EXERCISE => With the pictures left out, print exactly the lines below that run from the one containing "该压机主要用于硬质合金、粉末" through the one containing "The Origin from".
*** Opening AVAILABLE DATA ***
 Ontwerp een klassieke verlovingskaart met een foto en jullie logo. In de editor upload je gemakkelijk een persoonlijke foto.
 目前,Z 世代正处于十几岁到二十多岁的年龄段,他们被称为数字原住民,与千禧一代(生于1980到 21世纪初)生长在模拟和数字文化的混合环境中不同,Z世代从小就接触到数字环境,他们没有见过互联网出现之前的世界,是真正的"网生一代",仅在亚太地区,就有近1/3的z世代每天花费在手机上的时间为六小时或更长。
*** Closing AVAILABLE DATA ***
*** Opening AVAILABLE DATA ***
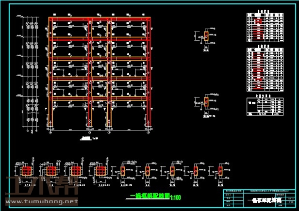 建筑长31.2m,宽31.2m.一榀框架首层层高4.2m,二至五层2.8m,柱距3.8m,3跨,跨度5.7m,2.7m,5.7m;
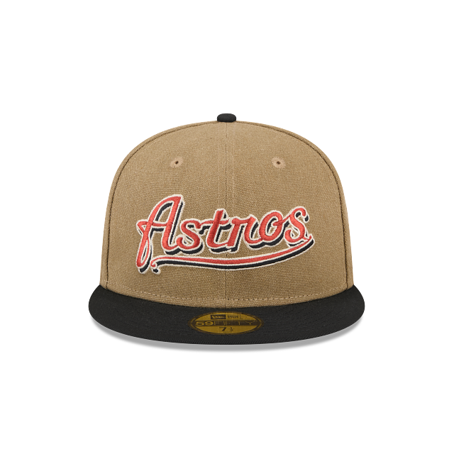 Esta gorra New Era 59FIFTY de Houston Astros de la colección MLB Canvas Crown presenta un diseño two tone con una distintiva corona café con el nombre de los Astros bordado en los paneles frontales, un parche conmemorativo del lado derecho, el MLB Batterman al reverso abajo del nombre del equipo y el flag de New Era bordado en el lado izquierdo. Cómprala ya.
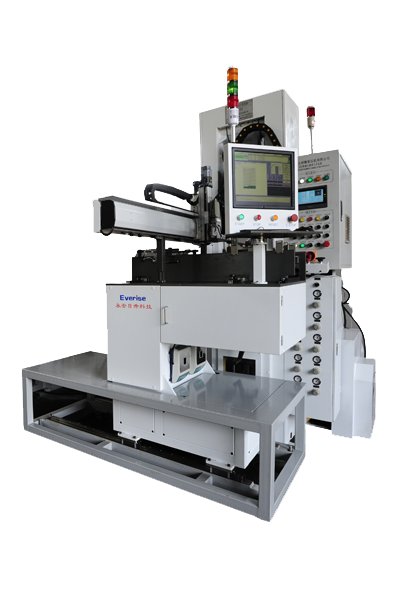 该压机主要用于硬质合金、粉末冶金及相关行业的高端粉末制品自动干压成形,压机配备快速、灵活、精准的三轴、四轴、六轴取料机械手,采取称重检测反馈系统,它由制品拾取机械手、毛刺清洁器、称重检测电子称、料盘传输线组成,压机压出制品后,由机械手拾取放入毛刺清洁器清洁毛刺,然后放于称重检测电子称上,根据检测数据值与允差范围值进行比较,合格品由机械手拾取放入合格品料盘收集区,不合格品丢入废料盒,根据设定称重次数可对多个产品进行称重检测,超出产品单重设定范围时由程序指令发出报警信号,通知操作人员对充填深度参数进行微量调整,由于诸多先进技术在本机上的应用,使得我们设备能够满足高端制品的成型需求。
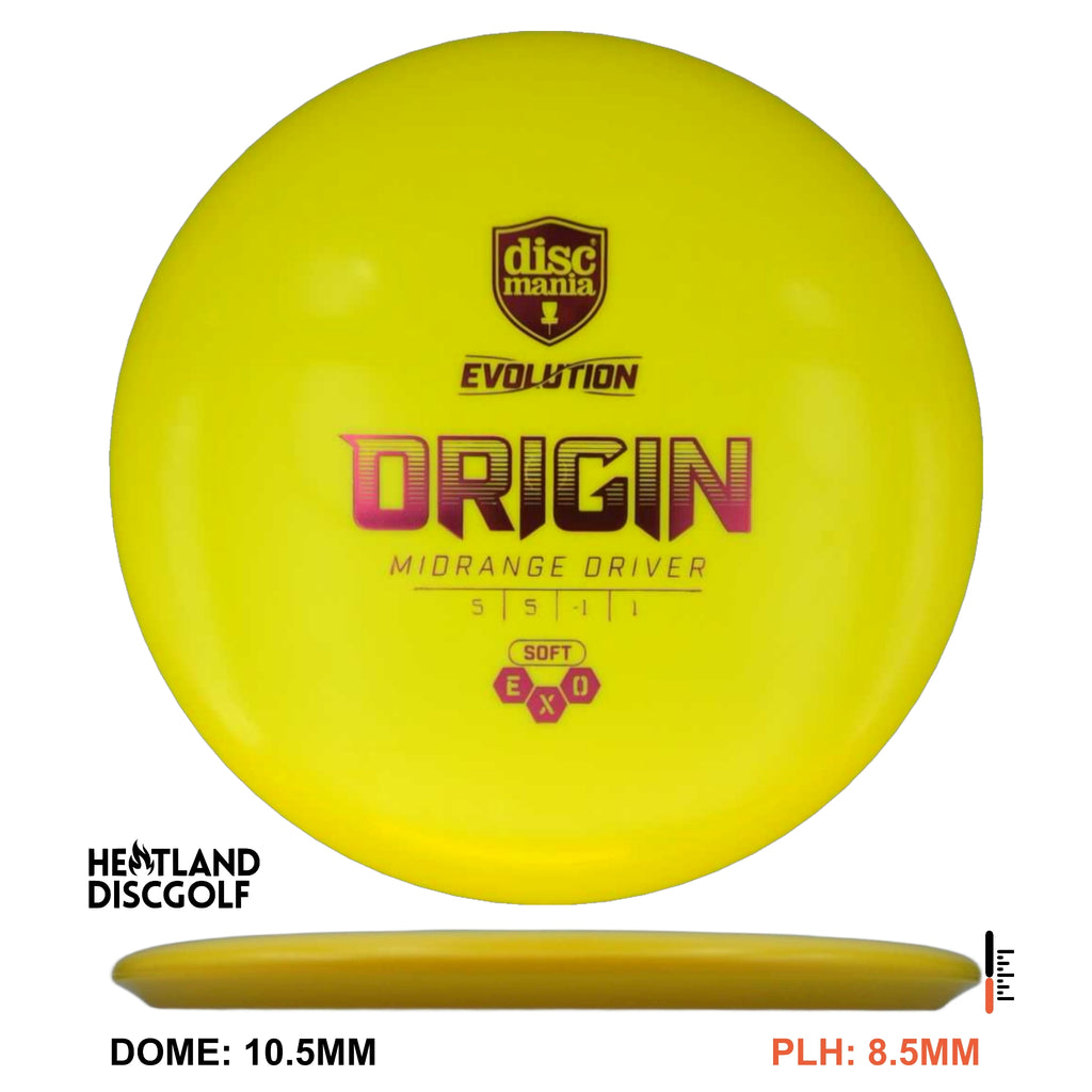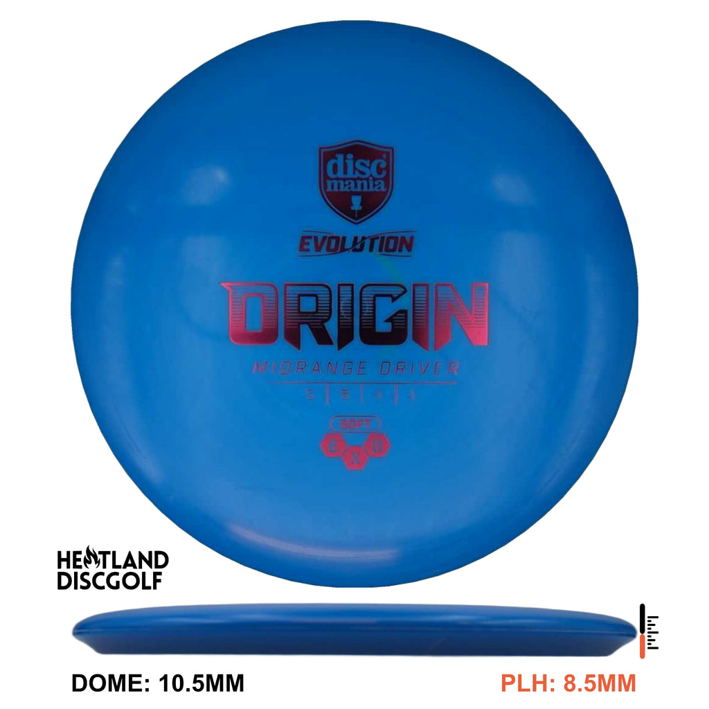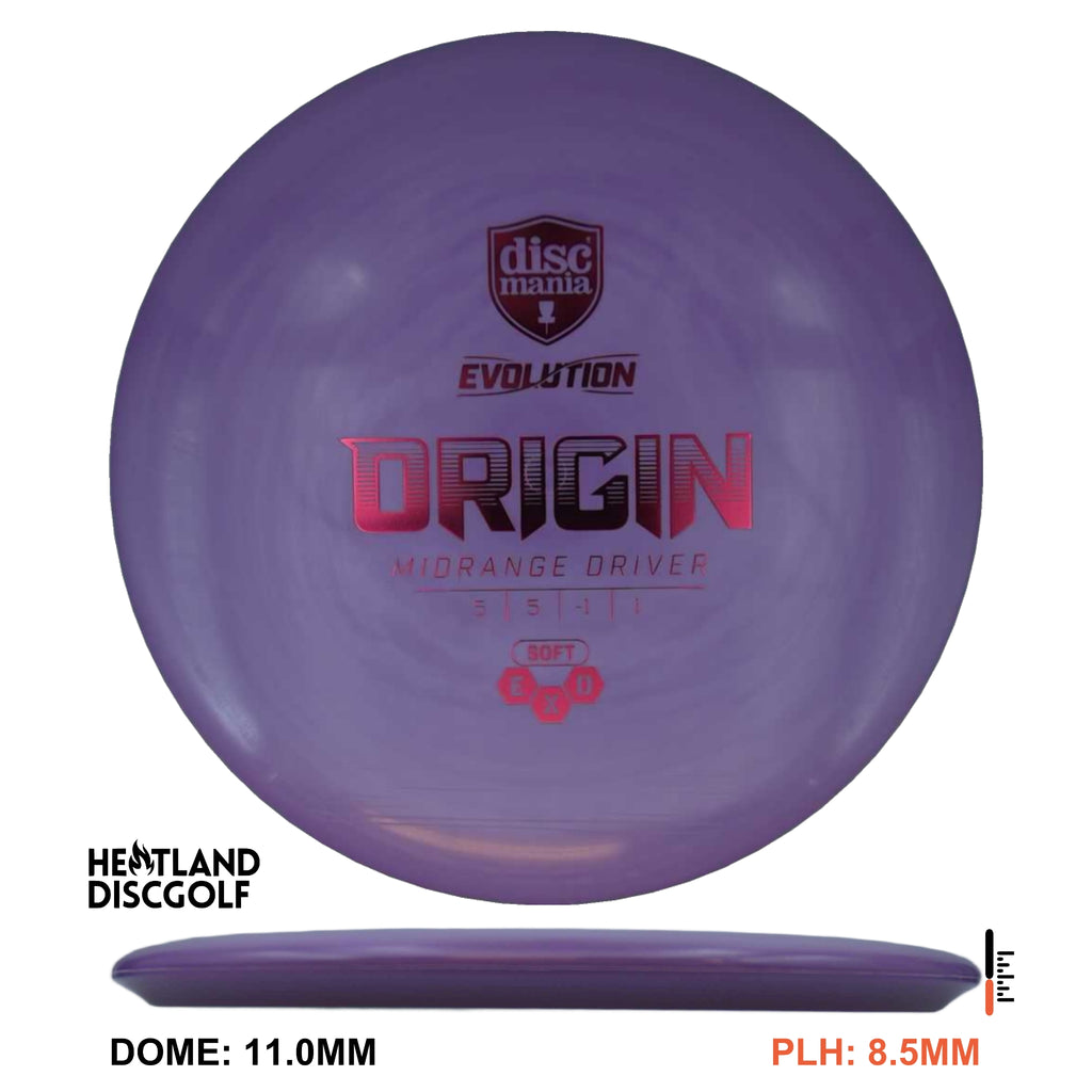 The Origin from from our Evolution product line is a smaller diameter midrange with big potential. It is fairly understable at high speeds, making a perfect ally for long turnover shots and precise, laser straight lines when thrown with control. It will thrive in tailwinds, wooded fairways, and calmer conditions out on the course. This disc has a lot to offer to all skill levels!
*** Closing AVAILABLE DATA ***
RESPONSE TO THIS EXERCISE =>
 该压机主要用于硬质合金、粉末冶金及相关行业的高端粉末制品自动干压成形,压机配备快速、灵活、精准的三轴、四轴、六轴取料机械手,采取称重检测反馈系统,它由制品拾取机械手、毛刺清洁器、称重检测电子称、料盘传输线组成,压机压出制品后,由机械手拾取放入毛刺清洁器清洁毛刺,然后放于称重检测电子称上,根据检测数据值与允差范围值进行比较,合格品由机械手拾取放入合格品料盘收集区,不合格品丢入废料盒,根据设定称重次数可对多个产品进行称重检测,超出产品单重设定范围时由程序指令发出报警信号,通知操作人员对充填深度参数进行微量调整,由于诸多先进技术在本机上的应用,使得我们设备能够满足高端制品的成型需求。
 The Origin from from our Evolution product line is a smaller diameter midrange with big potential. It is fairly understable at high speeds, making a perfect ally for long turnover shots and precise, laser straight lines when thrown with control. It will thrive in tailwinds, wooded fairways, and calmer conditions out on the course. This disc has a lot to offer to all skill levels!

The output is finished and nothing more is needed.